[EXERCISE] Please give back each line of the material unchanged, but without the images.

[GIVEN INFORMATION]
--------------------

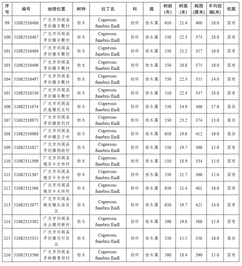 附件:四川省2021年新增一级古树和名木名录
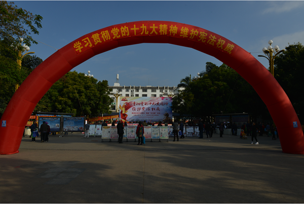 12月4日是第四个国家宪法日,为深入贯彻落实党的十九大精神,增强全民宪法意识,在全州形成学习宪法、尊崇宪法的良好氛围。12月4日上午,以州司法局、蒙自市司法局为牵头单位,由州市两级法院 、检察院、公安、司法行政、财政、安监、消防、民族宗教等30余家单位为成员,在蒙自市南湖广场开展以“学习贯彻党的十九大精神 维护宪法权威”为主题的“12·4”国家宪法日集中宣传活动。
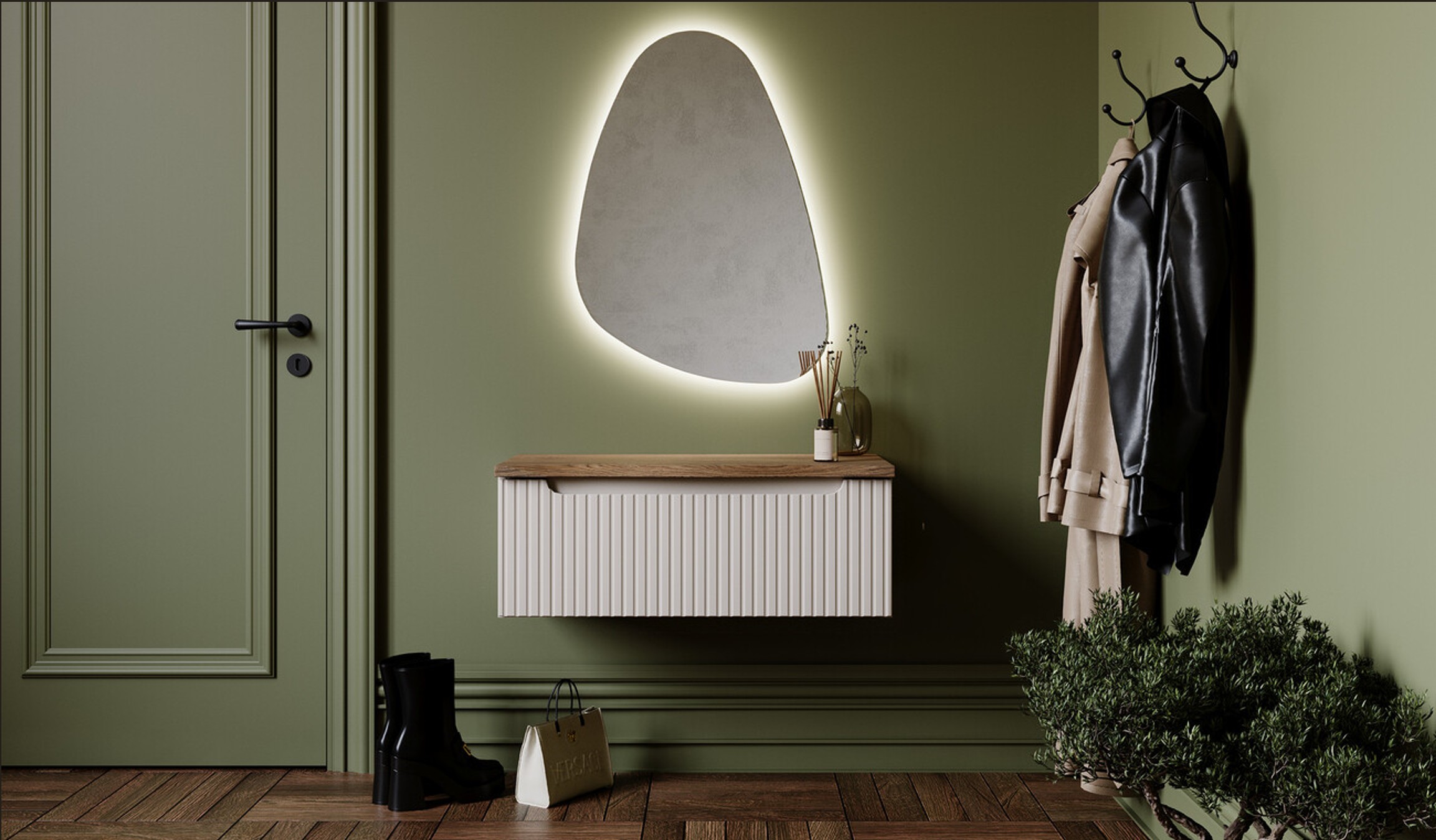 Az összhatás szempontjából sokat számít a tükör és a világítás is. A NOVA CASHMERE különösen jól mutat háttérvilágított tükörrel, ovális vagy lágyan organikus formákkal. A meleg fény szépen kiemeli a bordázott frontok textúráját, a kasmír szín pedig ettől még kellemesebb tónust kap. A megfelelő világítás nem csak esztétikai kérdés, hanem a mindennapi használat kényelmét is javítja.

--------------------

[SOLUTION TO THE PROBLEM]
 附件:四川省2021年新增一级古树和名木名录
 12月4日是第四个国家宪法日,为深入贯彻落实党的十九大精神,增强全民宪法意识,在全州形成学习宪法、尊崇宪法的良好氛围。12月4日上午,以州司法局、蒙自市司法局为牵头单位,由州市两级法院 、检察院、公安、司法行政、财政、安监、消防、民族宗教等30余家单位为成员,在蒙自市南湖广场开展以“学习贯彻党的十九大精神 维护宪法权威”为主题的“12·4”国家宪法日集中宣传活动。
 Az összhatás szempontjából sokat számít a tükör és a világítás is. A NOVA CASHMERE különösen jól mutat háttérvilágított tükörrel, ovális vagy lágyan organikus formákkal. A meleg fény szépen kiemeli a bordázott frontok textúráját, a kasmír szín pedig ettől még kellemesebb tónust kap. A megfelelő világítás nem csak esztétikai kérdés, hanem a mindennapi használat kényelmét is javítja.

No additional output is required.